- **Exercise objective**
Below are the records; print them again exactly and omit the pictures.

(Excerpts from a dataset)
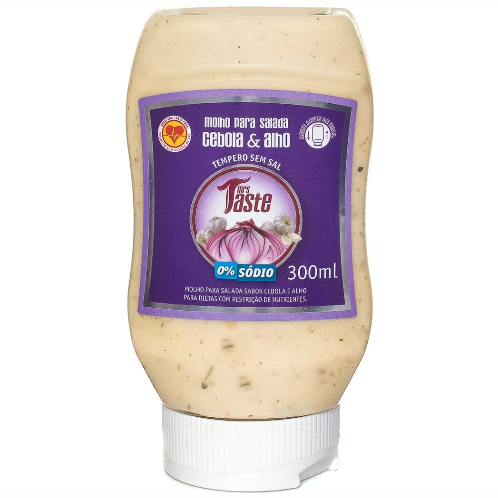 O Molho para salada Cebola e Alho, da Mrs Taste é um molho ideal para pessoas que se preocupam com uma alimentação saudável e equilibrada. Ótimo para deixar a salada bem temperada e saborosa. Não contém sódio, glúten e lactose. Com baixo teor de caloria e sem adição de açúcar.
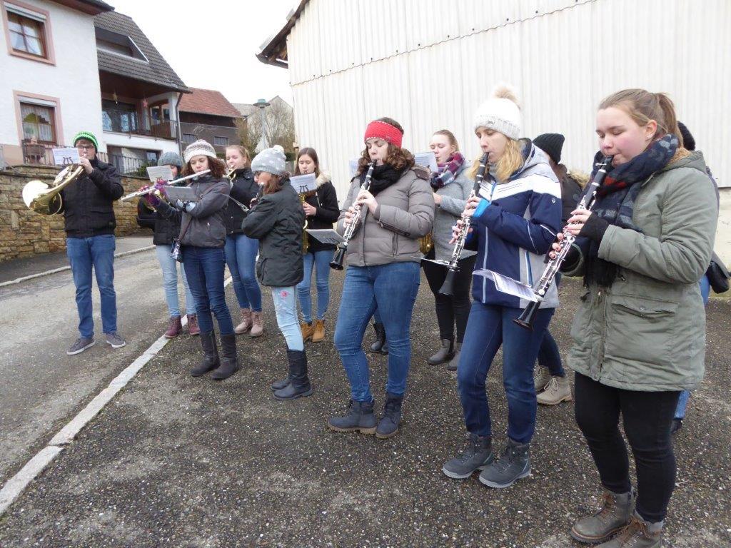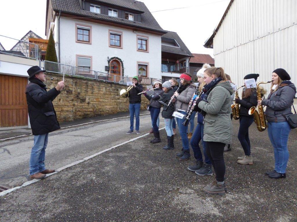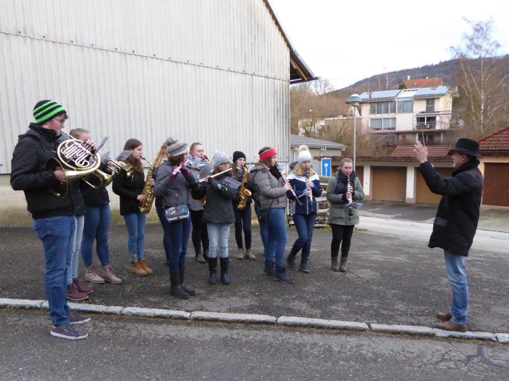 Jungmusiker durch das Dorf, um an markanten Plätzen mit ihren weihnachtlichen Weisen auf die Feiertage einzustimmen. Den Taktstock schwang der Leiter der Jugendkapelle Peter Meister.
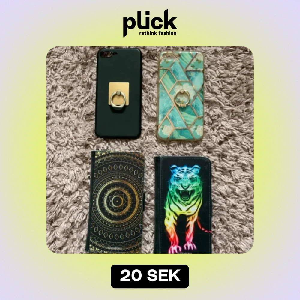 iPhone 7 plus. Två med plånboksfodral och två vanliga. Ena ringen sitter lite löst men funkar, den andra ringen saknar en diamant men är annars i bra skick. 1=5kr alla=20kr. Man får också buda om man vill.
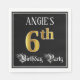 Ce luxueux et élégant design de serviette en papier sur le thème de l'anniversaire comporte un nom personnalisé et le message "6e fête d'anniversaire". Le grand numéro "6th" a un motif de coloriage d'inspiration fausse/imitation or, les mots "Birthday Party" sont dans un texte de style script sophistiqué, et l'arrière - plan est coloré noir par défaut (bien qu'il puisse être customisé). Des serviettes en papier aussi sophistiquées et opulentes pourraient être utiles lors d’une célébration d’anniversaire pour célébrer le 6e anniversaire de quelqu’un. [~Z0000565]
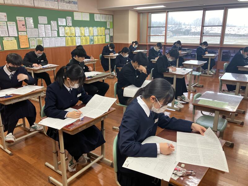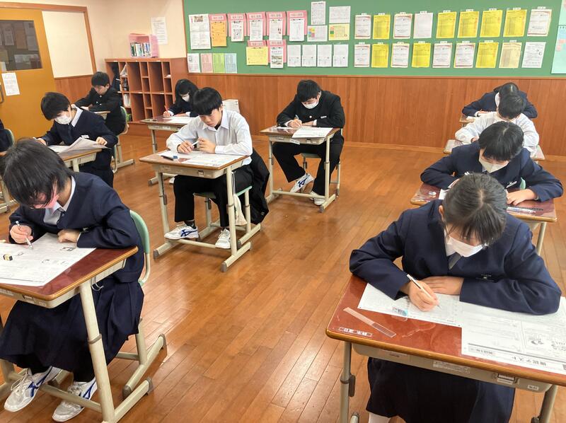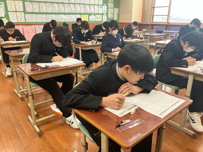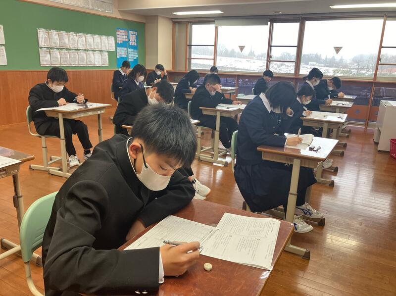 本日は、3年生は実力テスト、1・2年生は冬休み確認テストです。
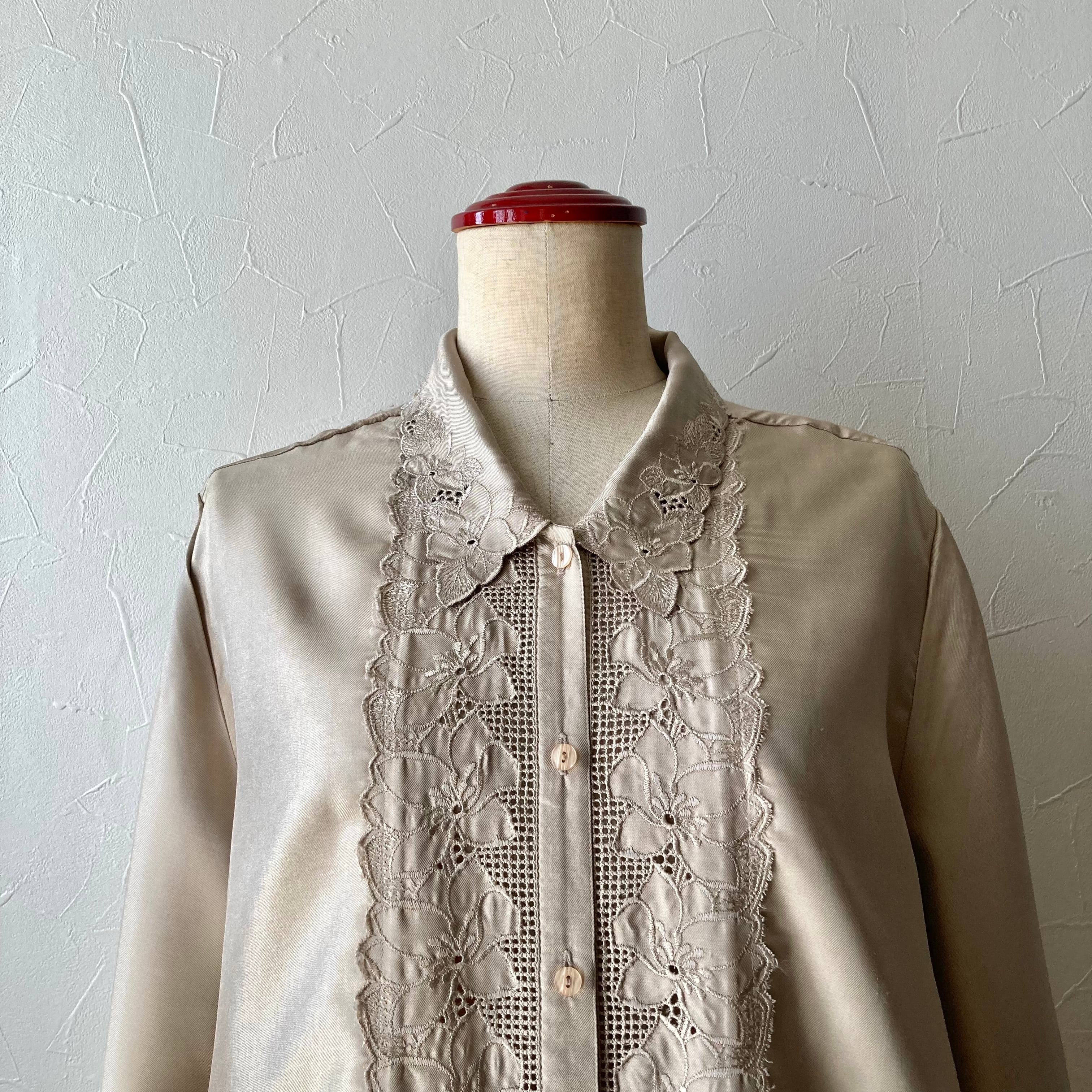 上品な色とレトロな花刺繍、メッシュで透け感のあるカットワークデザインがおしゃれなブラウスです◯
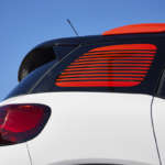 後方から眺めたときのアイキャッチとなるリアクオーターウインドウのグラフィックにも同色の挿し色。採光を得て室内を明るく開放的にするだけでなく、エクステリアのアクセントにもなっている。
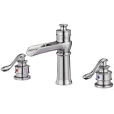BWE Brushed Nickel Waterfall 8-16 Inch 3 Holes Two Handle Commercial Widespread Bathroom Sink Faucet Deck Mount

- **Expected output**
 O Molho para salada Cebola e Alho, da Mrs Taste é um molho ideal para pessoas que se preocupam com uma alimentação saudável e equilibrada. Ótimo para deixar a salada bem temperada e saborosa. Não contém sódio, glúten e lactose. Com baixo teor de caloria e sem adição de açúcar.
 Jungmusiker durch das Dorf, um an markanten Plätzen mit ihren weihnachtlichen Weisen auf die Feiertage einzustimmen. Den Taktstock schwang der Leiter der Jugendkapelle Peter Meister.
 iPhone 7 plus. Två med plånboksfodral och två vanliga. Ena ringen sitter lite löst men funkar, den andra ringen saknar en diamant men är annars i bra skick. 1=5kr alla=20kr. Man får också buda om man vill.
 Ce luxueux et élégant design de serviette en papier sur le thème de l'anniversaire comporte un nom personnalisé et le message "6e fête d'anniversaire". Le grand numéro "6th" a un motif de coloriage d'inspiration fausse/imitation or, les mots "Birthday Party" sont dans un texte de style script sophistiqué, et l'arrière - plan est coloré noir par défaut (bien qu'il puisse être customisé). Des serviettes en papier aussi sophistiquées et opulentes pourraient être utiles lors d’une célébration d’anniversaire pour célébrer le 6e anniversaire de quelqu’un. [~Z0000565]
 本日は、3年生は実力テスト、1・2年生は冬休み確認テストです。
 上品な色とレトロな花刺繍、メッシュで透け感のあるカットワークデザインがおしゃれなブラウスです◯
 後方から眺めたときのアイキャッチとなるリアクオーターウインドウのグラフィックにも同色の挿し色。採光を得て室内を明るく開放的にするだけでなく、エクステリアのアクセントにもなっている。
BWE Brushed Nickel Waterfall 8-16 Inch 3 Holes Two Handle Commercial Widespread Bathroom Sink Faucet Deck Mount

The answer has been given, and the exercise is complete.